Metric equi-continuity:
$F$ is equi-continuous at $x \in X$ if for every $\epsilon > 0$, there exists a neighbourhood $U^\circ \ni x$ with $\forall f \in F, f[U] \subseteq \Ball(f(x);\epsilon)$.
Proof:
Topological $\implies$ Metric: Let $\epsilon > 0, x \in X$. Suppose that $F$ is equi-continuous at $x$. For every $y \in Y$, there exist neighbourhoods $U_y$ of $x$ and $V_y$ of $y$ with $\forall f \in F, f[U_y] \cap V_y \neq \emptyset \implies f[U_y] \subseteq \Ball(y,\epsilon)$. Substituting $y = f(x)$ gives $f[U_{f(x)}] \cap V_{f(x)} \neq \emptyset \implies f[U_{f(x)}] \subseteq \Ball(f(x),\epsilon)$. The former condition always holds since $x \in U_{f(x)}, f(x) \in V_{f(x)}$.
Now taking intersections of $U_{f(x)}$ might yield a set that might not be a neighbourhood of $x$. What can be done to solve this?
Metric $\implies$ Topological: Let $y \in Y$ and $S$ be an open set containing $y$. Since $d$ generates the topology on $Y$, there exists $\epsilon > 0$ with $\Ball(y;\epsilon) \subseteq S$. By metric equi-continuity, there exists $U^\circ \ni x$ with $f[U] \subseteq \Ball(f(x);\epsilon)$ for all $f$. For each $f$ with $f(x) \neq y$, there exists a neighbourhood $y \in \Ball(y;\delta_y)$, but if we take the intersection of all $\Ball(y;\delta_y)$, the result might not be a neighbourhood of $y$ anymore and the same problem arises.
I’ll assume that $\Ball(y,\epsilon)=\{z\in Y:d(y,z)<\epsilon\}$ means an open ball.
Metric $\Rightarrow$ Topological: Let $y \in Y$ and $S$ be an open set containing $y$. Since $d$ generates the topology on $Y$, there exists $\epsilon > 0$ with $\Ball(y;3\epsilon) \subseteq S$. Put $V=\Ball(y;\epsilon)$. By metric equi-continuity, there exists $U \ni x$ with $f[U] \subseteq \Ball(f(x);\epsilon)$ for all $f\in F$. Assume that $f[U]\cap V\ne\emptyset$. Pick any point $z\in f[U]\cap V $. Since $f[U] \subseteq \Ball(f(x);\epsilon)$, $d(f(x),z)<\epsilon$. Let $t\in f[U]$ be an arbitrary point.
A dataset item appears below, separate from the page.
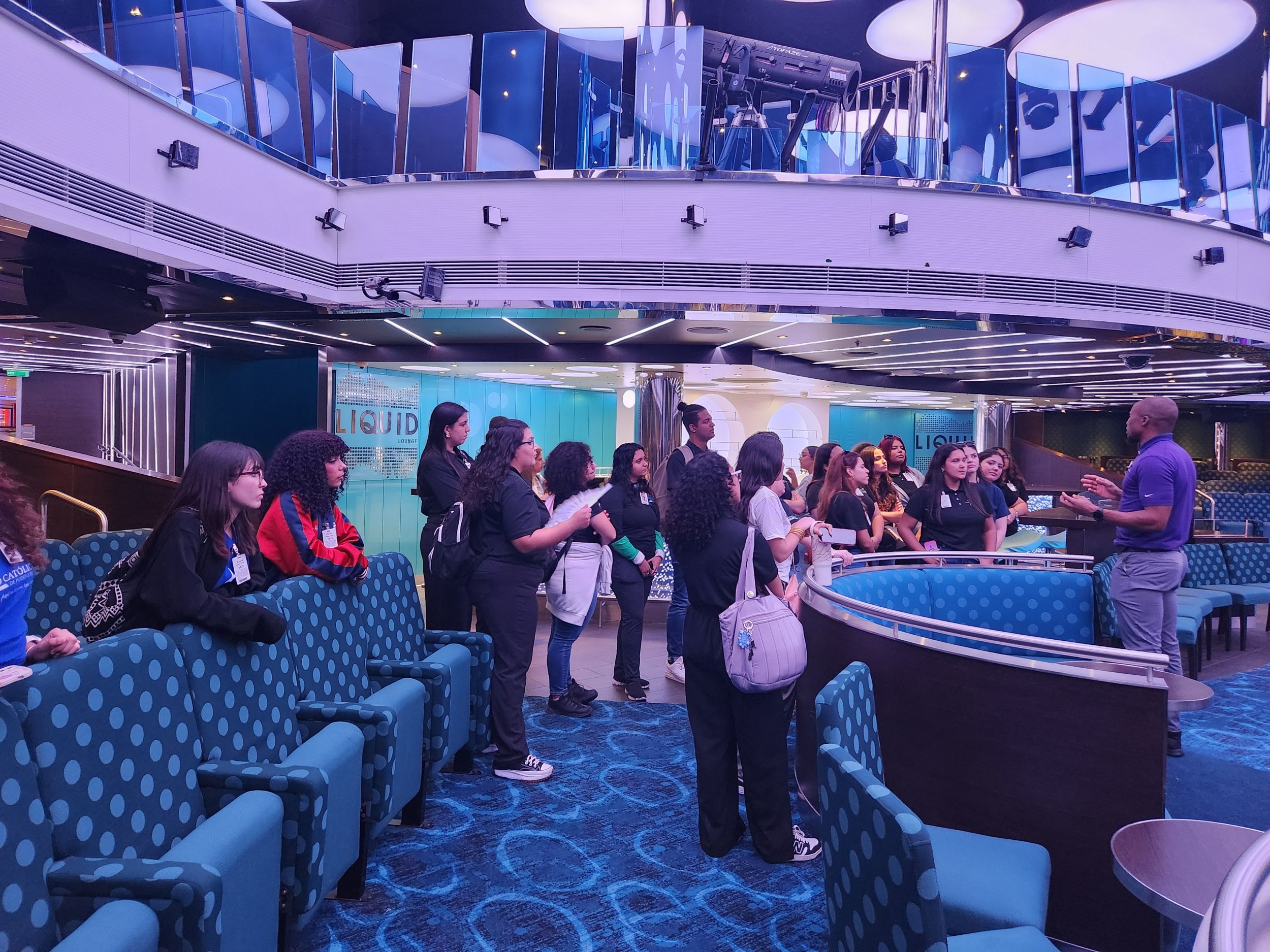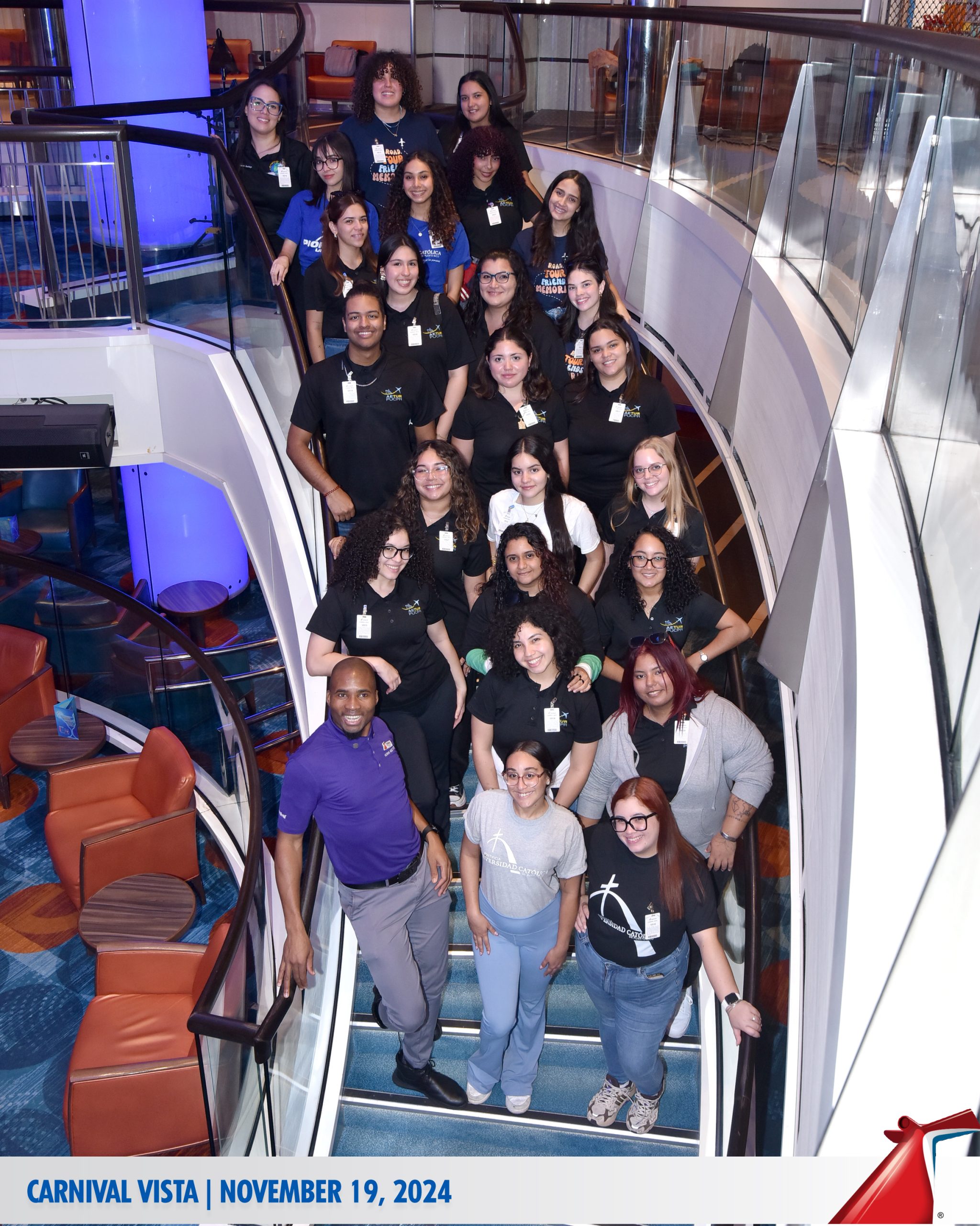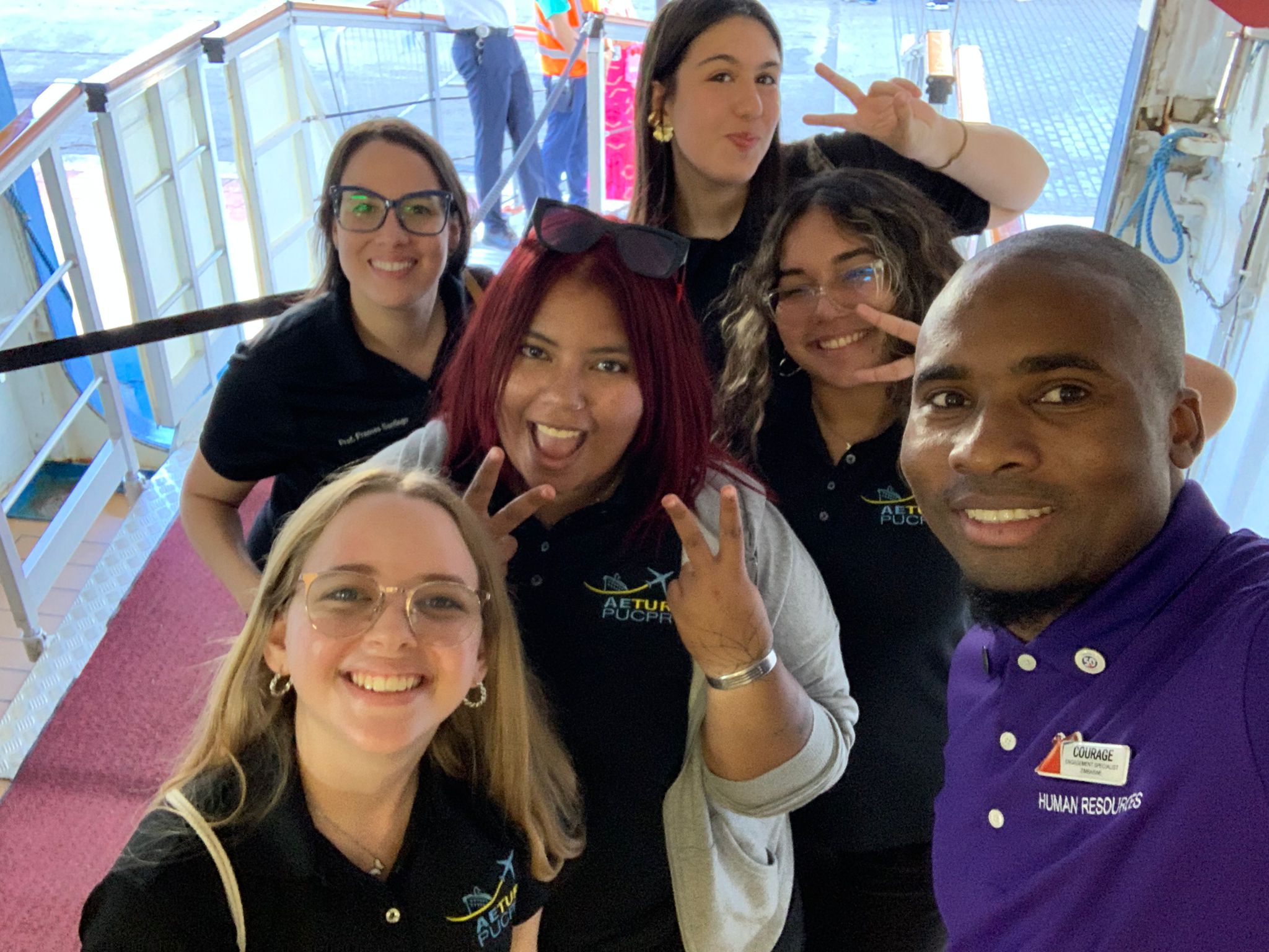 Como parte de las actividades de campo del curso de Cruceros del programa de Empresarismo Turístico, se coordinó una visita para que los estudiantes pudieran experimentar de cerca todo lo discutido en clase durante el semestre. Desde las facilidades del crucero, hasta las labores de los empleados y gerenciales. La iniciativa también fue parte de la Asociación de Estudiantes de Turismo (AETUR). “La división de Acceso Aéreo y Marítimo de la Compañía de Turismo de Puerto Rico (CTPR) quienes tienen como misión aumentar el flujo de tráfico aéreo y de cruceros a la Isla, fueron los encargados de crear el contacto entre la línea de crucero y el grupo de estudiantes. Crystal Bell, directora de Acceso Aéreo y Marítimo, es exalumna de nuestra Escuela Graduada del Colegio de Administración de Empresas y fue quien permitió que se lograra la visita de los estudiantes del curso de Crucero y otros estudiantes miembros de la Asociación de Estudiantes de Turismo (AETUR). Durante el recorrido fueron acompañados por la Sra. Tamara Bird, consultora Senior de Cruceros para la CTPR, y los recibió el Sr. Courage, quien forma parte del equipo de Recursos Humanos para el Carnival y nos ofreció un resumen sobre la función de cada departamento, la vida de los empleados a bordo y mostró todas las áreas de disfrute para huéspedes” explicó la Dra. Frances Santiago, catedrática del Colegio de Administración de Empresas.

Then
$$d(t,y)\le d(t,f(x))+d(f(x),z)+d(z,y)<\epsilon+\epsilon+\epsilon=3\epsilon.$$
Thus $f[U]\subseteq \Ball(y;3\epsilon) \subseteq S$.
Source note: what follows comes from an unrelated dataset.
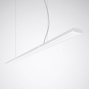 Exklusive LED-Hängeleuchte mit direktem und indirektem Lichtstromanteil und seitlich sichtbarer Lichtlinie. Zur Verwendung als Einzelleuchte oder als Anfangsleuchte in einem Lichtband, das Endstück ist im Lieferumfang enthalten. Seilabhängung bereits im Lieferumfang enthalten. Für abgehängte Montage als Einzel- oder Lichtbandleuchte. Seilabhängung bereits im Lieferumfang enthalten (2000 mm). Standard Abpendellänge: 1000 mm. Neben der üblichen Montage parallel zur Fensterfront kann die Leuchte auch parallel zur Bauachse des Gebäudes geplant und installiert werden. Mit innenliegender, hocheffizienter Mikro-Prismatik CDP-I. Klare Abschlussscheibe mit seitlicher Lichtaustrittskante. Mit symmetrisch begrenzt breit strahlender Lichtstärkeverteilung. Blendungsbewertung nach UGR-Einstufung (EN 12464-1) < 19. Bildschirmarbeitsplatzgerecht gemäß EN 12464-1 Durch die seitliche Anordnung der Lichtmodule werden Spiegelungen auf glänzenden Oberflächen nahezu vermieden. Leuchtenlichtstrom und Lichtfarbe fest eingestellt. Bemessungslichtstrom 13100 lm, Bemessungsleistung 79 W, maximale Leuchten-Lichtausbeute 166 lm/W. Lichtfarbe warmweiß, ähnlichste Farbtemperatur (CCT) 3000 K, allgemeiner Farbwiedergabeindex (CRI) Ra > 80. Farborttoleranz (initial MacAdam) = 3 SDCM. Mittlere Bemessungslebensdauer L80 (tq 25 °C) = 50.000 h. Die Lichtquelle ist entsprechend der Ökodesign-Anforderungen (VO (EU) 2019/2020) austauschbar. Flimmern: Pst LM = 1,0 bei Volllast. Stroboskop-Effekt: SVM = 0,4 bei Volllast. Leuchtenkörper aus Stahlblech.Kopfstücke aus PC. Oberfläche weiß beschichtet (ähnlich RAL 9016). Maße (L x B): 2107,5 mm x 102 mm, Leuchtenhöhe 37 mm. Schutzklasse (EN 61140): I, Schutzart (DIN EN 60529): IP20, Stoßfestigkeitsgrad nach IEC 62262: IK02, Prüftemperatur Glühdrahttest gemäß IEC 60695-2-11: 650 °C. Zulässige Umgebungstemperatur (ta): 25 °C . Gewicht: 6,7 kg. Transparente Anschlussleitung im Lieferumfang enthalten (1000 mm). Mit zwei elektronischen Betriebsgeräten, digital dimmbar (DALI). Betriebsgerät gemäß DALI-2-Standard (EN 62386). Leuchte mittels Tastfunktion über DALI-Steuerklemmen schalt- und dimmbar (Touch DIM). Das Betriebsgerät ist entsprechend der Ökodesign-Anforderungen (VO (EU) 2019/2020) austauschbar. Die Leuchte ist Monitoring ready (MOR) und liefert Leuchtendaten zur Überwachung oder vorausschauenden Wartung. Sie ist damit kompatibel zu den TRILUX Monitoring Services. Das Produkt erfüllt die grundlegenden Anforderungen der anwendbaren EU-Richtlinien und des Produktsicherheitsgesetzes und trägt die CE-Kennzeichnung. Zusätzlich ist die Leuchte durch eine unabhängige Prüfstelle ENEC-zertifiziert. Leuchte 10 Jahre, Ersatzteile (LED-Modul, Betriebsgerät, optisches System) 15 Jahre nach Rechnungsdatum unter Vorbehalt vertretbarer Änderungen, die dem Fortschritt dienen, verfügbar.

Topological $\not\Rightarrow$ Metric: Let $X=Y=(0,+\infty)$ endowed with standard topology, $F=\{f_n:n\in\Bbb N\}$, where $f_n(t)=nt$ for each $t\in (0,+\infty)$, and $x=1$. Clearly, that the family $F$ is not metric equi-continuous at $x$. But it is topologically equi-continuous at $x$. Indeed, let $y\in Y$ be an arbitrary point and $S$ be an arbitrary open neighborhood of $y$. There exists a natural number $N$ such that $f_n(x’)> y+1$ for each $n>N$ and $x’>1/2$. For each $n\le N$ there exists neighborhoods $U_n$ of $1$ and $V_n$ of $y$ such that $nU_n\subseteq V_n\cap S$ provided $y=n$ and $nU_n\cap V_n=\emptyset$, otherwise. Put $U=(1/2,+\infty)\cap\bigcap U_n$ and $V= (0,y+1)\cap S\cap\bigcap V_n$. Assume that $f_n\in F$, $x’\in U$ and $f_n(x’)\in V$. Since $x’>1/2$ and $V\subseteq (0,y+1)$, $n\le N$. Since $x’\in U_n$ and $nx’\in V_n$, $y=n$. Then $f_n(U)\subseteq f_n(U_n)\subseteq V_n\cap S$.
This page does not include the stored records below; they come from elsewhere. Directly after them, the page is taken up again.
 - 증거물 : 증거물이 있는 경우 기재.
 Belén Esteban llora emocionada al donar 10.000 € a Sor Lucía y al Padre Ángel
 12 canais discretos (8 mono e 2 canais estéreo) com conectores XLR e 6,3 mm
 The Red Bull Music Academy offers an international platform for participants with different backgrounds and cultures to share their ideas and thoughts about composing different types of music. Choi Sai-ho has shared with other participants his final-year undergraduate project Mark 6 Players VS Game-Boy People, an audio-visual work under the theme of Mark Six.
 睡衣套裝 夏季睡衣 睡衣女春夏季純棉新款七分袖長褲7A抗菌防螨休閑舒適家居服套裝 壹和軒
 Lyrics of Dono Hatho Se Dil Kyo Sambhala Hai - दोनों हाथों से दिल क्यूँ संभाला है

Wikipedia: “For metric spaces, there are standard topologies and uniform structures derived from the metrics, and then these general definitions are equivalent to the metric-space definitions”. [This claim needs references to reliable sources. (February 2007)] :-)